TASK STATEMENT = Everything in the listing that follows should be reproduced exactly except the pictures.

DATA PROVIDED Block Start

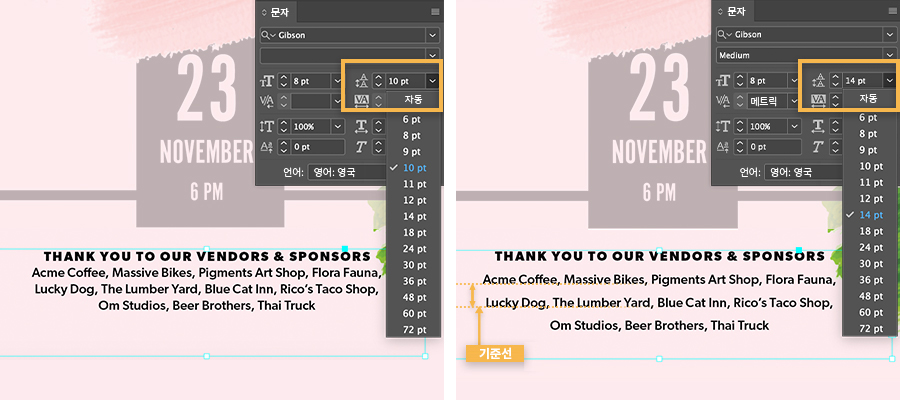 문자 패널 또는 속성 패널에서 행간을 설정합니다.
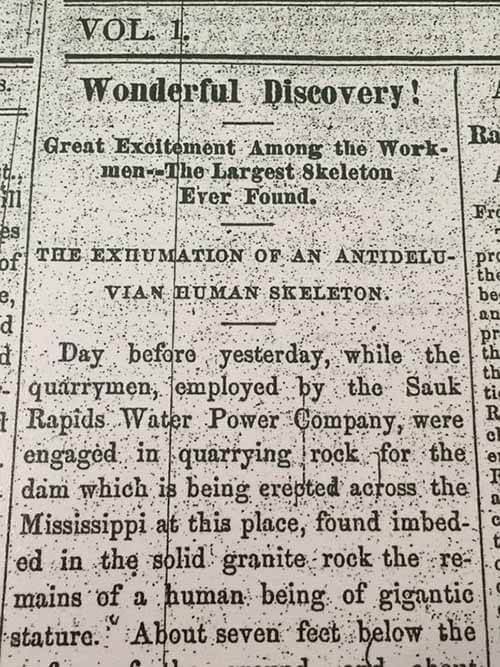 Nearly 150 years ago, a report surfaced that quarry workers with the Sauk Rapids Water Power Co. unearthed the remains of a 10-foot-tall giant along the shores of the Mississippi River.
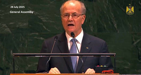 NEW YORK (Agencies) June 28, 2025 – Prime Minister’s Office – Prime Minister Dr. Mohammad Mustafa affirmed Monday that “the Palestinian people have the right to live in freedom and dignity in their homeland, just as every nation in the world deserves to live in peace and security. However, this can only be achieved by realizing the inalienable rights of the Palestinian people—foremost among them, the right to self-determination, the right of return, and the establishment of the independent, sovereign State of Palestine on the 1967 borders, with East Jerusalem as its capital, living side by side with Israel in peace and security.”
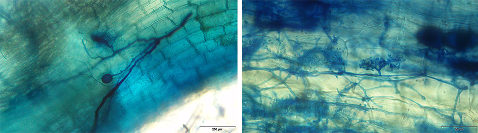 Figura 1. Hifas y arbustos de hongos micorrízicos arbusculares (HMA) dentro del tejido de una raíz, observados bajo microscopio óptico a escala. Escala a) 200 μm, b) 100 μm y c) 50 μm. Fotografías: Clara Patricia Peña Venegas

DATA PROVIDED Block End

RESPONSE TO THIS EXERCISE =
 문자 패널 또는 속성 패널에서 행간을 설정합니다.
 Nearly 150 years ago, a report surfaced that quarry workers with the Sauk Rapids Water Power Co. unearthed the remains of a 10-foot-tall giant along the shores of the Mississippi River.
 NEW YORK (Agencies) June 28, 2025 – Prime Minister’s Office – Prime Minister Dr. Mohammad Mustafa affirmed Monday that “the Palestinian people have the right to live in freedom and dignity in their homeland, just as every nation in the world deserves to live in peace and security. However, this can only be achieved by realizing the inalienable rights of the Palestinian people—foremost among them, the right to self-determination, the right of return, and the establishment of the independent, sovereign State of Palestine on the 1967 borders, with East Jerusalem as its capital, living side by side with Israel in peace and security.”
 Figura 1. Hifas y arbustos de hongos micorrízicos arbusculares (HMA) dentro del tejido de una raíz, observados bajo microscopio óptico a escala. Escala a) 200 μm, b) 100 μm y c) 50 μm. Fotografías: Clara Patricia Peña Venegas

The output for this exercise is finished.